Después de una reforma en la finca, el arrendador quiso aumentar el precio hasta duplicarlo. La familia tenía un contrato indefinido y llevó al caso a juicio, donde les dieron la razón, pero después de presentar un recurso contra la decisión el propietario ordenó el desahucio, explica Loká.

La Generalitat, acusación particular

La dureza de las penas solicitadas por el Ejecutivo catalán, que ejerce de acusación particular, contrasta con la Fiscalía, que no ve delito y rebaja la calificación a una falta contra el orden público. La pena solicitada por el ministerio público es una multa. Además del matrimonio, tres personas irán a juicio por los incidentes que se produjeron con los Mossos durante el desahucio.

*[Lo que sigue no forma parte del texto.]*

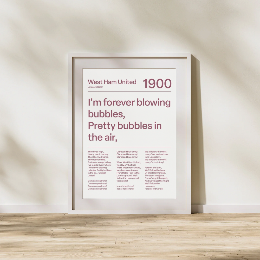 Sounds of the stands, meets modern design. This print brings the most iconic West Ham fan chants to life. A sharp, understated piece for any Hammer´s collection. This is our white variant.
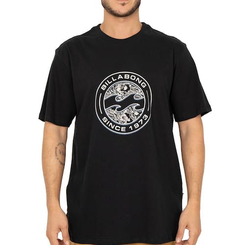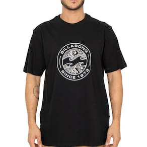 Camiseta Billabong feita em modelagem Corefit, meia malha, estampa aplicada na frente e etiqueta da marca aplicada na lateral do lado esquerdo de que veste.

La actuación de los antidisturbios se saldó con tres heridos leves –un hombre de 52 años con una brecha en la cabeza por un golpe de porra y dos agentes, según se explicó en ese momento–. La policía denunció un total de 40 vecinos por atentado a la autoridad. Cinco acabarán en el banquillo: el matrimonio y tres vecinos más que intentaron detener el desahucio.